2. What federal sources say (USDA/FNS): a chart, not a definitive waiver list
FNS explains BBCE and provides a chart with which states implement BBCE and the programs and limits that confer it, but FNS also acknowledges it does not routinely provide a clean dataset showing which states used BBCE specifically to eliminate asset tests or net‑income tests—states report that heterogeneously—so the federal source cannot by itself supply a definitive 2025 list [1] [2].
3. Independent counts and their range: mid‑40s but not identical
Advocacy and policy trackers diverge: EPIC for America reported that in FY2024 forty‑four states and territories provided BBCE and that many of those states “completely waive the asset limits” [3], while other compilations aimed at applicants—citing FNS and state rules—indicate most states (often stated as 46 plus DC in later updates) use BBCE to waive asset tests by 2026 and even enumerate exceptions [4]. These independent tallies point to a consensus that the vast majority of states have used BBCE to loosen or eliminate the asset test, but the exact count for calendar year 2025 varies by the source and whether territories and partial waivers are included [3] [4].

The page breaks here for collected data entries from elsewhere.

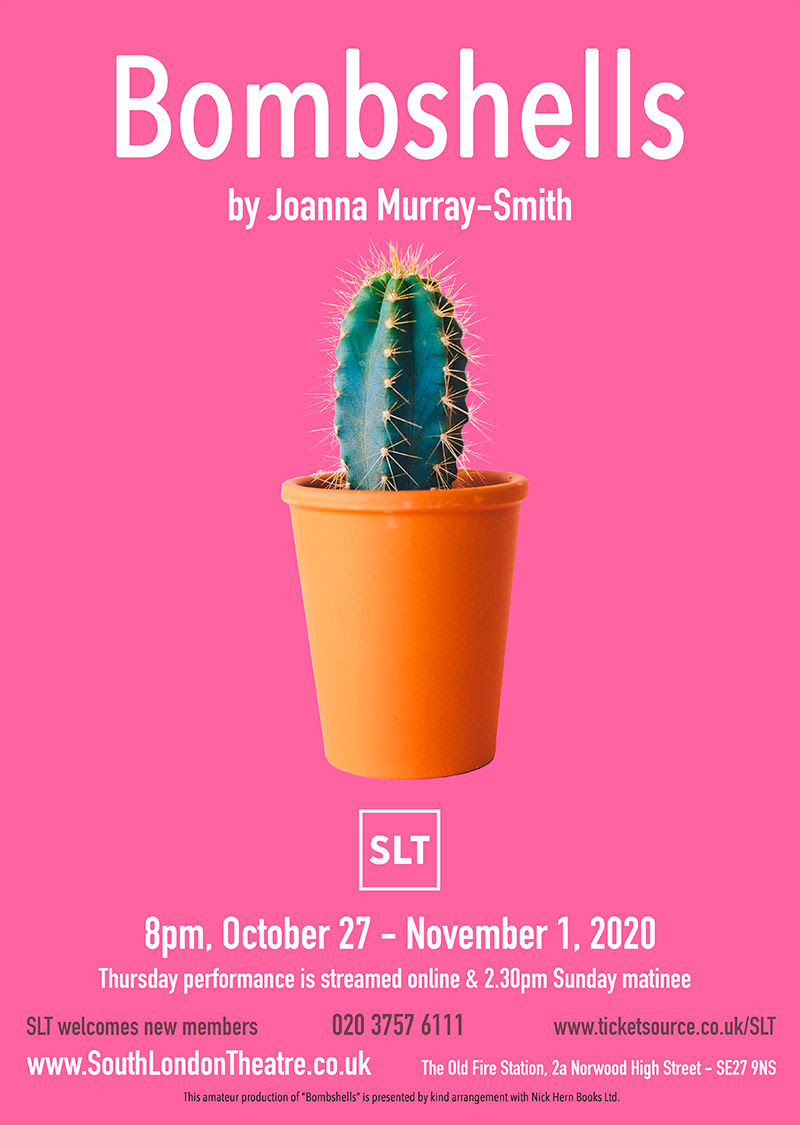 Having successfully held their first live performances in the South London Theatre auditorium, Bombshells is the next play to be presented by the SLT. A live socially-distanced performance over five nights plus a Sunday matinee, and also a live stream on Thursday 29 October. Bombshells: Four women balance their inner and outer lives with humour and often desperate cunning - from a feisty teenager to a 64 year-old widow yearning for the unexpected.
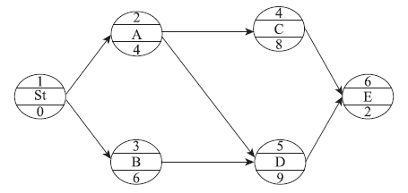 某單代號網(wǎng)絡(luò )計劃如下圖,工作A、D之間的時(shí)間間隔是()天。
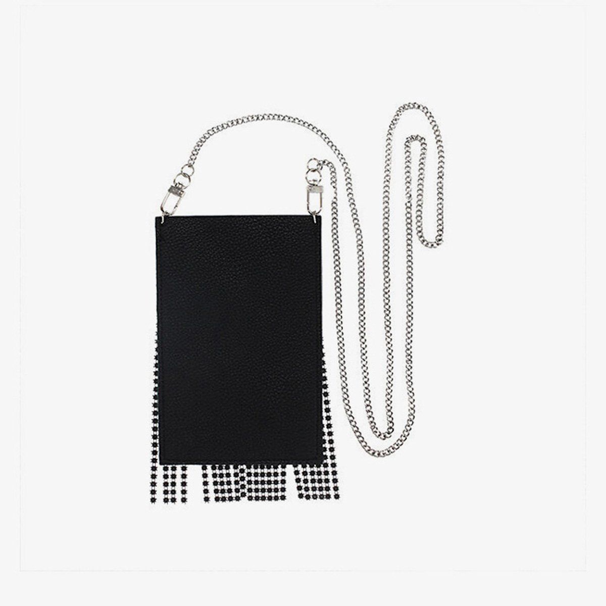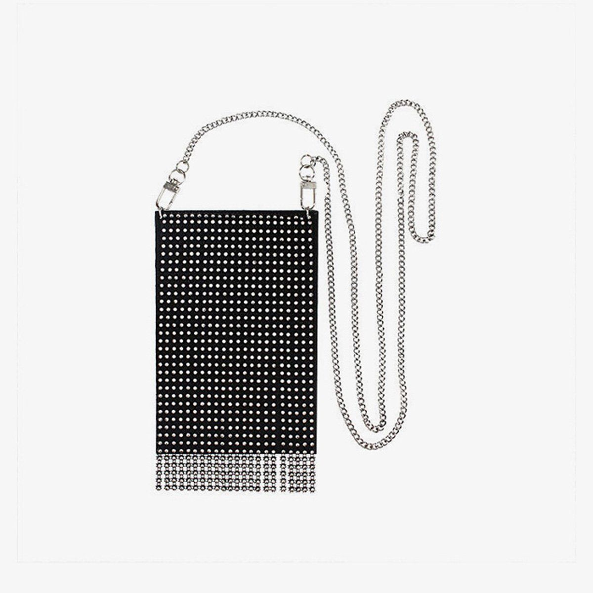Điểm đặc biệt của chiếc túi đựng điện thoại này là được tạo thành từ những dải đá lấp lánh màu bạc trên nền đen, tạo hiệu ứng tua rua siêu hợp thời trang! Nàng hãy diện nó trong những buổi tiệc khiêu vũ để mang đến nét quyến rũ và tinh tế cho vẻ ngoài của mình!
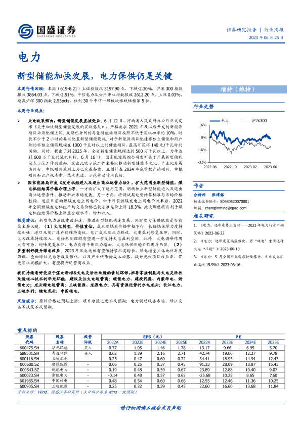 【国盛证券】【20230625】电力行业周报:新型储能加快发展,电力保供仍是关键-13页
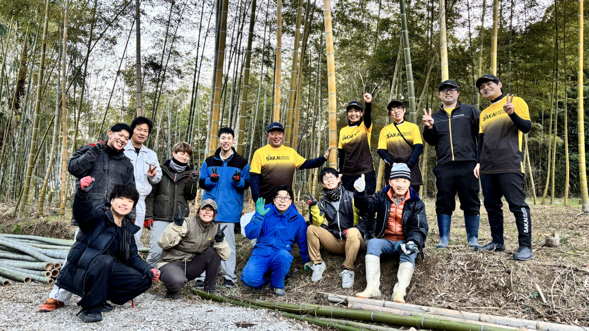 1月10日から12日まで岸和田市内の竹林で実施された竹の伐採作業の最終日に、サカイ引越センター従業員が参加しました。今回の活動では、集中修繕用の竹材を調達するとともに、竹の端材を竹チップへ加工し、岸和田市中央公園の床舗装材として有効利用される予定です。
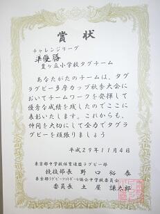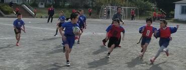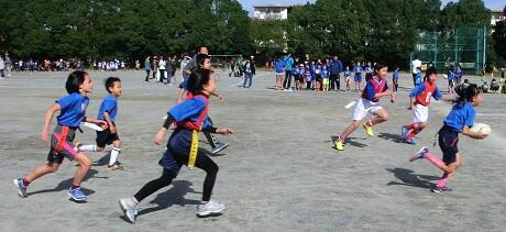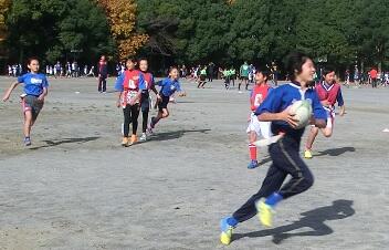 11月4日、タックルの代わりに腰につけたタグを取るタグラグビーの多摩カップ秋季大会が青陵中で行われました。
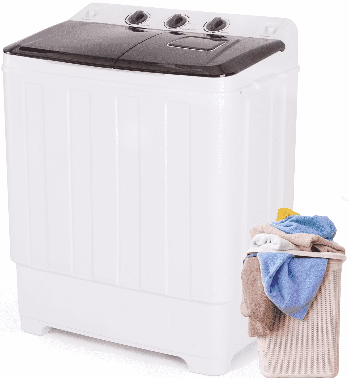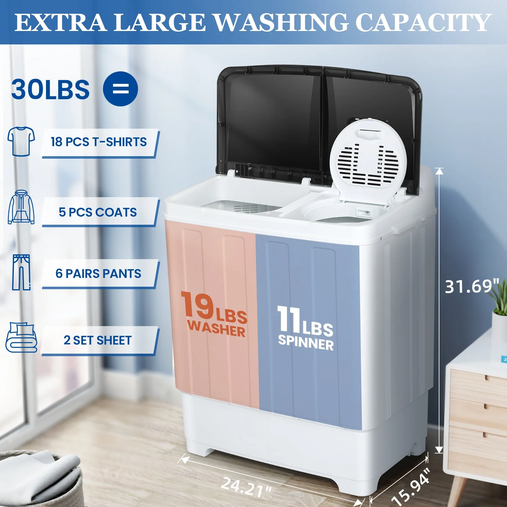 ??HUMANIZED DESIGN: This double drum washing machine comes with a transparent lid so you can check the progress of the wash and spin at any time. The washer's built-in lint trap prevents clothing lint from clogging the hose while keeping the washing environment clean.
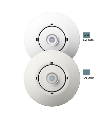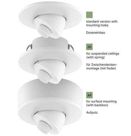 DALI-2 LS is available in three different housings: for direct mounting on cavity walls or installation boxes (standard), for suspended ceilings (with spring), or for surface mounting (with backbox). Available housing colours are pure white RAL 9010 and traffic white RAL 9016 (-W16).
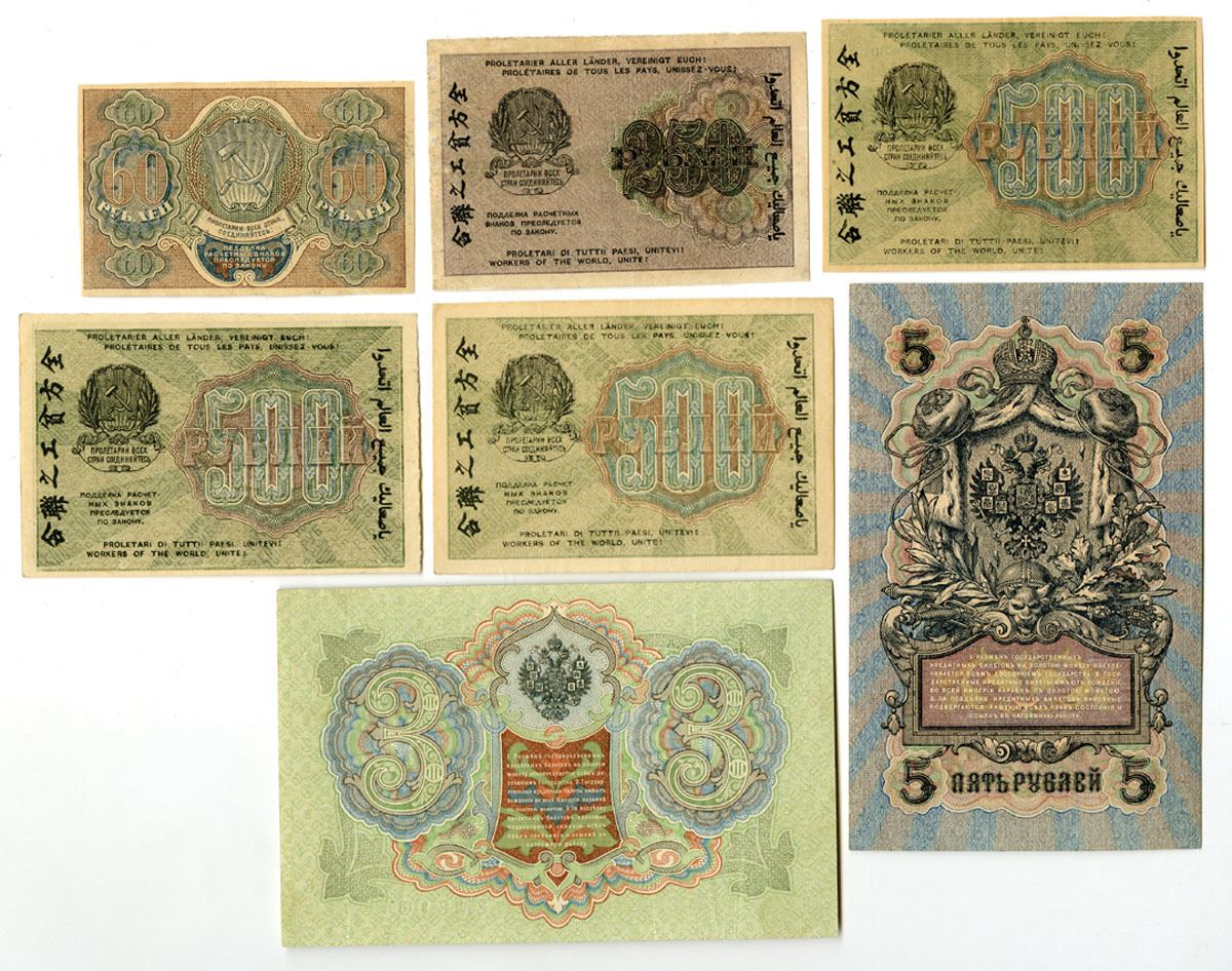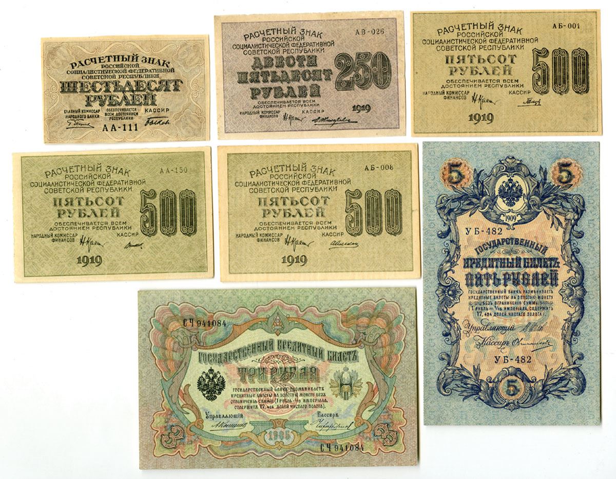 Russia, 1905 (1909-1912)-1919 (1920). Lot of 7 Issued Banknotes, Includes: State Credit Notes, 1905 (1909-1912), 3 Rubles, P-9b; 1909 (1917), 5 Rubles, P-35a; Currency Notes, ND (1919), 60 Rubles, P-100; 1919 (1920), 250 Rubles, P-102a; 1919 (1920), 500 Rubles, P-103a (3). Notes range from XF to AU condition. (7). Sold "AS IS" no returns accepted.
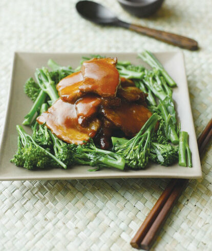Remove oil from the wok, leaving 2 Tbsp to quickly sir fry the blanched broccoli. Season with salt and pepper.
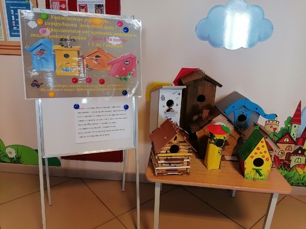 Работа по изготовлению скворечников проводилась дома совместно с родителями. Сколько стараний и любви приложили они к своей работе и принесли в детский сад на выставку уже готовые домики.
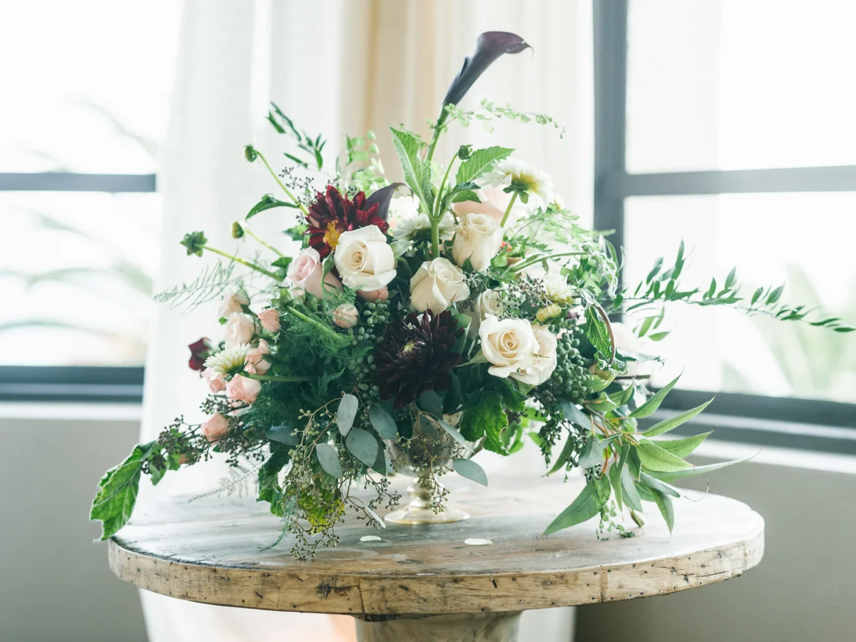 The floral arrangements were all about playing with color and texture. Each arrangement varied in its form, which only added to the relaxed nature of the space. Soft pinks, light oranges, romantic reds, and pops of lush greenery were the perfect fit for this environment.
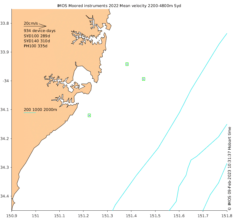 These maps show some basic analyses of the velocity data: mean and sub-tidal variance for several layers and time-windows, and tidal harmonics for the depth-average velocity using the whole record. Click through to see more detailed plots of the selected dataset or to download those data from the AODN thredds server.
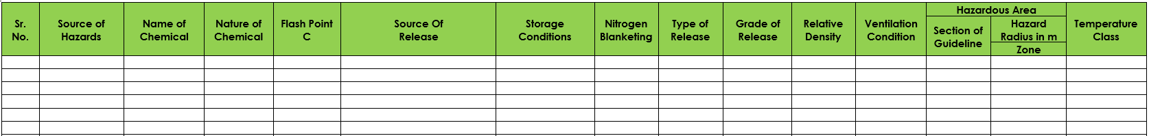All flammable gases and vapours handled, processed, or stored within the facility are identified. Their physical and chemical properties such as flash point, boiling point, vapour density, lower and upper explosive limits, and auto-ignition temperature are reviewed to assess their hazardous characteristics.
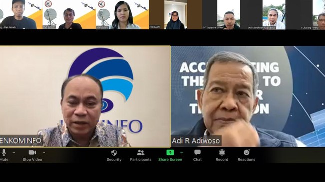 "Zoom ini menggunakan Satelit Satria-1 dan jaringan Satria-1. Bisa dibuktikan bahwa semuanya sudah mulai jalan," ucap Adi.
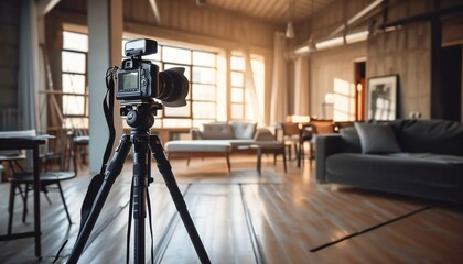 Group of three young people enthusiastically analyzing camera setup in a well-lit room while discussing project details and sharing ideas together
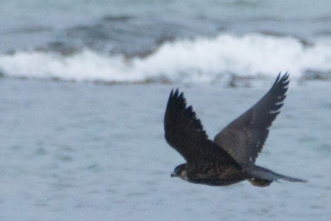 Photo : Dominique Robard. Probable immature. A tué et mangé un Tournepierre à collier ! Observation en compagnie de Bernard Thibeaud et de Manu Gas. Lire Des Faucons d'Eléonore sur le littoral atlantique français en août 2012.
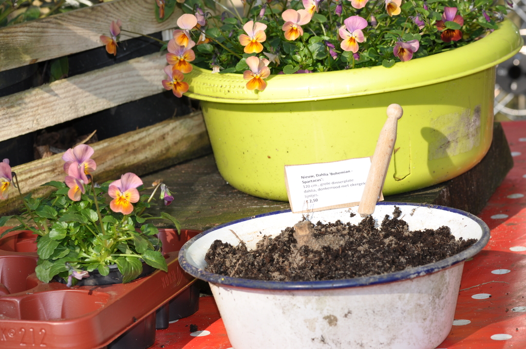 Om er alvast in te komen deed de boerin alvast een Dahliaknol in een oud drinkbakje van de kippen. Die mag binnen vast voortrekken…
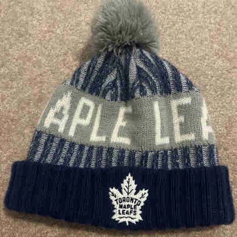 Keep your young fan warm with this Toronto Maple Leafs youth toque! This gently used toque features the team's iconic logo and colours, perfect for showing support at the rink or on the street. A similar toque sells for about $20 on Kijiji. If the ad is still up, it's still available!
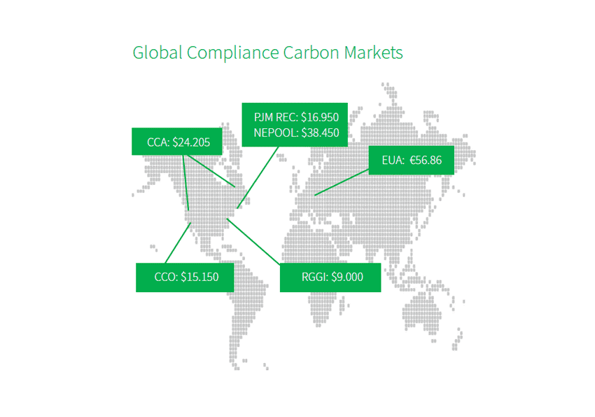 • Carbon trade information that provides a summary of confirmed transactions for key compliance carbon markets.
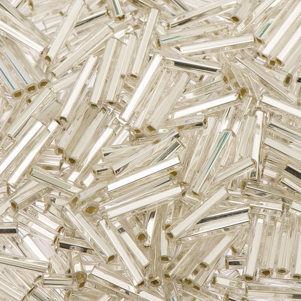 #5 Czech Bugle Beads Silver Lined Crystal 25g Bag
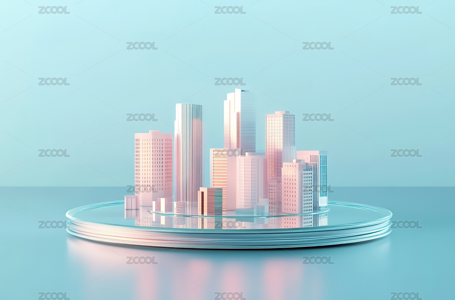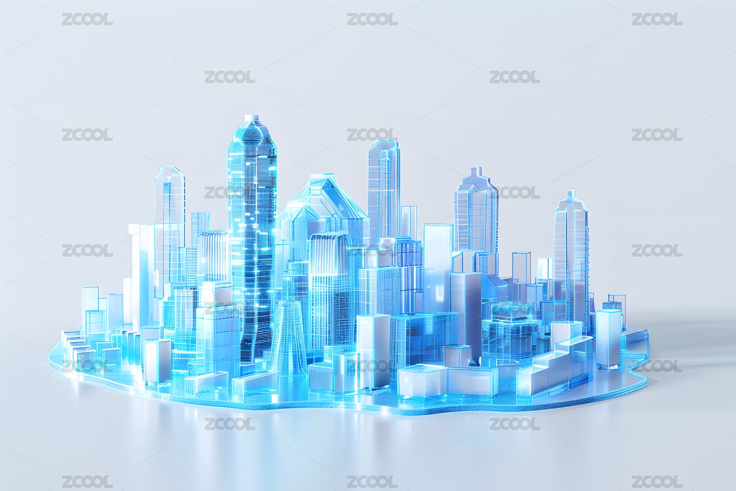 未来城市模型蓝色科技感建筑群

4. Examples, exceptions, and the ambiguity of “waived”
Some trackers list the specific holdouts—naming states that continue to follow the federal $2,250/$3,250 asset limits—such as Alabama, Arkansas, Georgia, Idaho, Indiana, Mississippi, Ohio, Oklahoma, South Carolina, South Dakota, Tennessee, Utah, and Wyoming (and noting Alaska as a partial case), according to a 2026 compilation that contrasts those exceptions with the many states that removed asset tests [4]. That list is useful context but is dated to 2026 and therefore cannot be stated as the definitive 2025 roster without qualification [4].
5. How to interpret disagreement among sources and what can be reliably said
Given FNS’s own caveat about inconsistent state reporting [2], the most defensible 2025 statement is that a large majority of states had implemented BBCE and used it to relax or eliminate SNAP asset tests—independent counts put that majority in the mid‑40s—yet the precise per‑state status in 2025 depends on whether partial implementations, territory rules, and administrative changes are counted, and different trackers produce slightly different lists [3] [4].
6. Bottom line for readers seeking a definitive 2025 list
There is no single authoritative, fully up‑to‑date federal table that labels each state as “asset‑test waived in 2025”; researchers must rely on the FNS BBCE chart plus contemporaneous independent trackers—EPIC’s FY2024 survey (44 states/territories) and later aggregations that show roughly 46 states by 2026—to conclude that most states had effectively waived SNAP asset limits via BBCE by 2025, while a minority of states continued to adhere to stricter federal asset limits or had partial waivers [1] [3] [4] [2].